В ее словах было столько изумления и осуждения, что Васильку стало не по себе, и он робко попросил:

– Только не сказывай никому.

– Не скажу! – небрежно и отвлеченно заверила сестра.

Странное желание брата показалось ей таким неожиданным и неразумным, что она не могла усидеть на месте. Встала из-за стола и подошла к печи. У печи обернулась и, потрясая руками, принялась вразумлять:

– Помысли сам, что тогда о тебе добрые люди скажут. Скажут: совсем ополоумел Василько. Принесет раба в твои хоромы срам велик! Да над тобой вся Москва изгаляться будет. Не моги этого делать! Вот тебе весь мой сказ!

Каждое ее слово больно ранило Василька. Он ощущал, как в душе нарастают стыд и недовольство собой, раздражение на сестру и желание немедленно отъехать со двора, забыть и этот тягостный разговор, и поездку в город, и свои сокровенные помыслы.

А Матрене нет дела до мучений брата:

– Я-то думала, хоть ты и бирюк, а все же володетель, у самого князя владимирского сидел в думцах; соседям про тебя все уши прожужжала: мол, вот каков у меня братец! А тебя куда понесло? Что я скажу людям? Ведь через твою женитьбу на меня, на чад моих какая поруха ляжет!

Вся она здесь, не переменилась, все норовит попользоваться слабиной, дабы пригнуть, прибрать мужское племя под свое бабье крыло. Совсем взбеленилась, плетет невесть что:

– Я твоей сучке-то очи повыцарапаю, косы повыдергиваю! Пусть знает свое место!

– Ты ведаешь, что речешь? – вскипел Василько. – Не суй нос в чужие дела! Без тебя как-нибудь сгадаю, что мне с рабой делать!

– Зачем кричишь на меня! Не я ли о тебе печаловалась? – пробормотала опешившая Матрена.

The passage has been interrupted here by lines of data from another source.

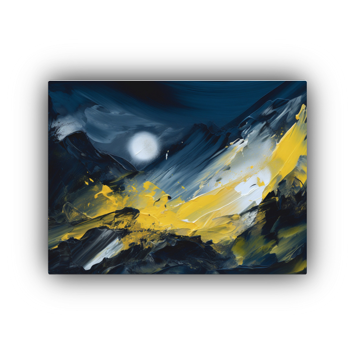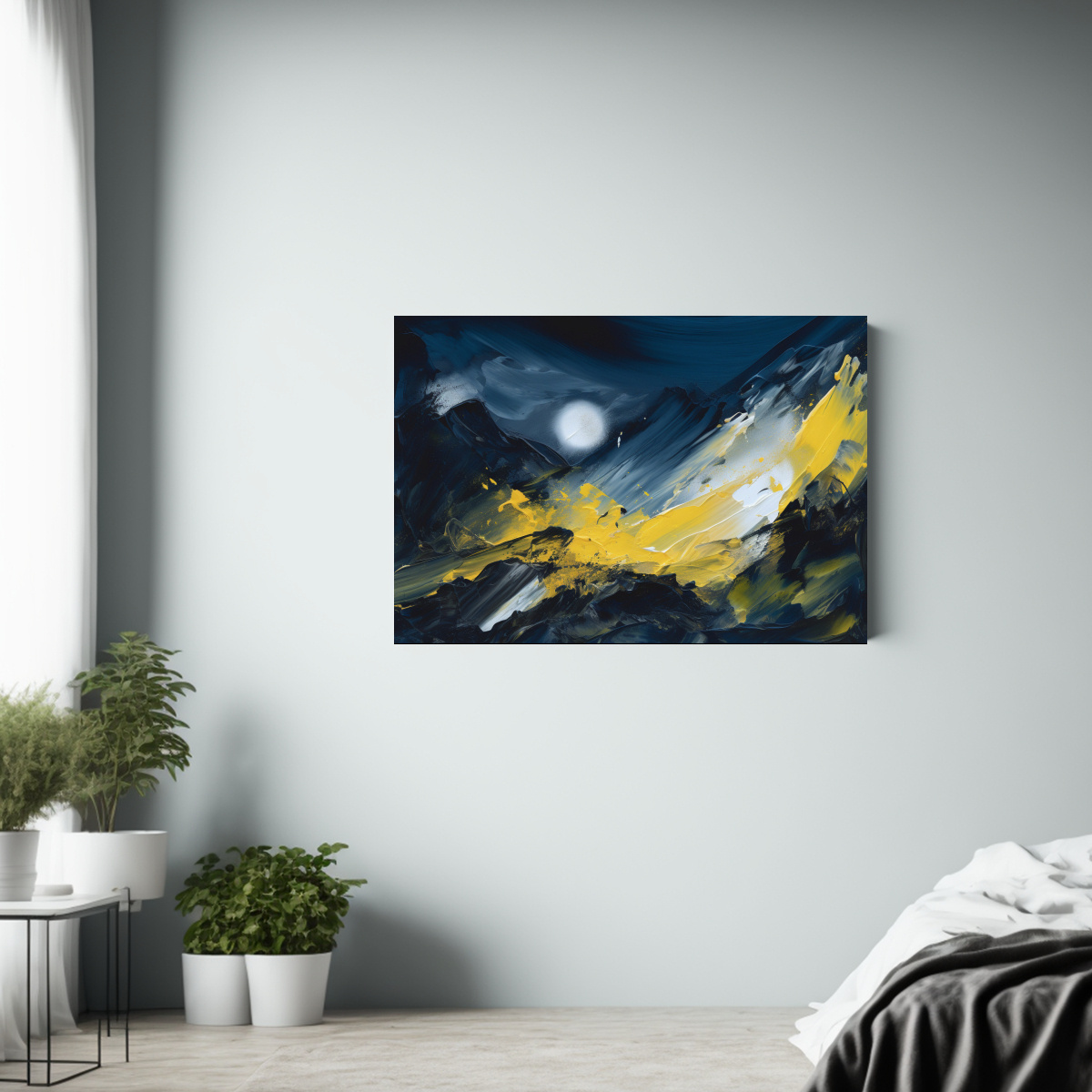 Cuadro Decorativo: Pequeña Luna Amarilla En Cielo Oscuro Y Azul.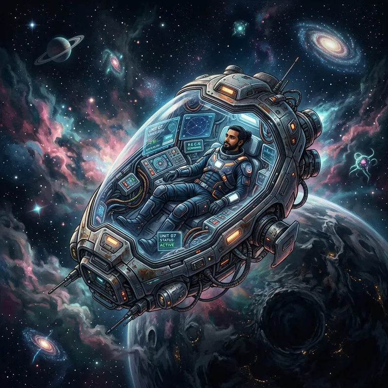 Intricate Illustration of South Asian Man in Creocapsule on Unknown Planet P.E.C.1.0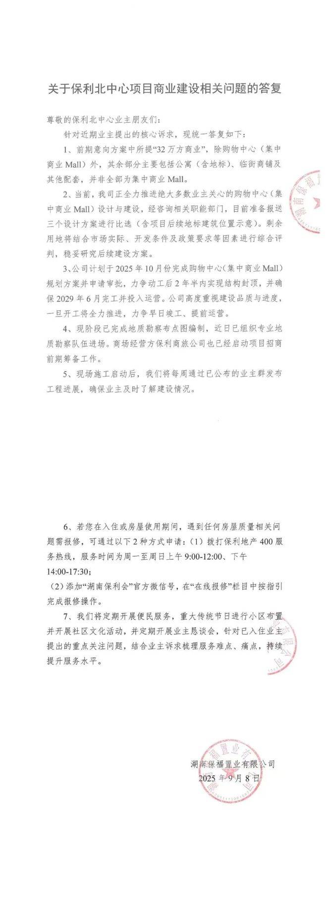 今年9月份,保利方面曾告知业主商业地块的建设情况: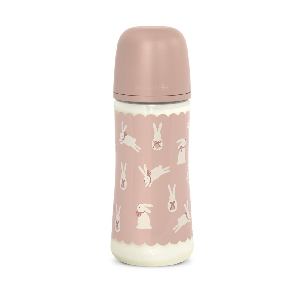 SUAVINEX - Kojenecká láhev WONDERLAND NEW 360ml FYZIOL PRŮTOK L - růžový králík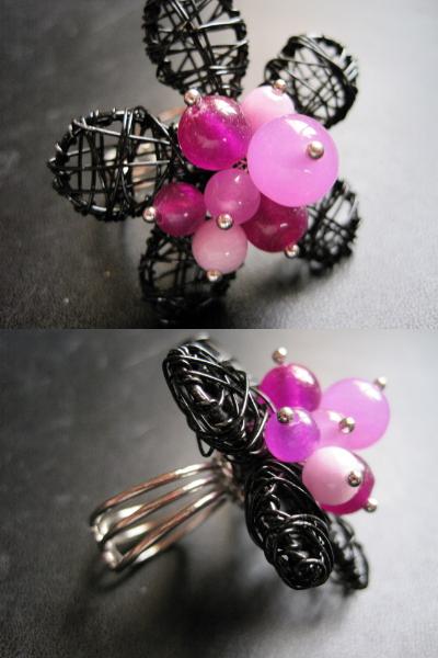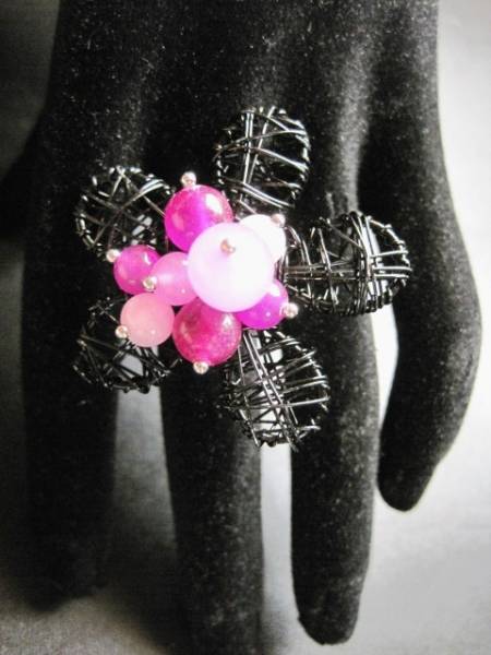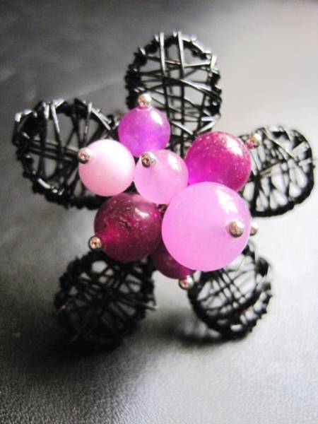 黒の針金で編んだ3Dの立体のお花に、色んな紫でセンターを縁取り可愛いです・・

Но осознание того, что она находится в своей избе и кричит на нее младший брат, которому она когда-то вытирала нос, придало ей уверенности. Опять, как много лет назад, в избе поднялась свара. Как в старину, Матрена потянулась к печи за ухватом, а Васильку захотелось нырнуть под стол. И кто знает, чем бы закончилось очередное размирье, если бы в избу не вошли муж Матрены Савва и ее сын Оницифор.

Глава 16

Изба наполнилась хладом, многим топтанием и приветственными возгласами вошедших. Василько почувствовал себя неловко, будто он в отсутствие добродушного Саввы и его сына сотворил в избе донельзя гадкое. Срам гнал его со двора, и Василько стал порываться к отъезду. Но шурин и племянник так горячо упрашивали его заночевать, особо упирая на разыгравшуюся метель, что Василько заколебался. Когда же к ним неохотно присоединилась еще дувшаяся Матрена: «Зачем гордыню кажешь? Оставайся, не у чужих людей ноченьку скоротаешь!», он согласился погостевать до утра.

На дворе и взаправду мело, и как мело. С посвистом, подвыванием и стоном носился над землей ветер. Он срывал полегшие снега, наметал свежие сугробы, засыпал хоромишки по самые крыши, пугал честной народ и животину.

Слушая то оплакивающий, то угрожающий посвист ветра, Василько испытывал удовлетворение, что надежно укрыт от непогоды, что сидит в тепле, сытый и хмельной, в окружении близких людей, и что его конь накормлен. Ему было приятственно слышать неторопливую рассудительную речь Саввы, наблюдать за заметно смущавшимся Оницифором – даже ссора с Матреной позабылась.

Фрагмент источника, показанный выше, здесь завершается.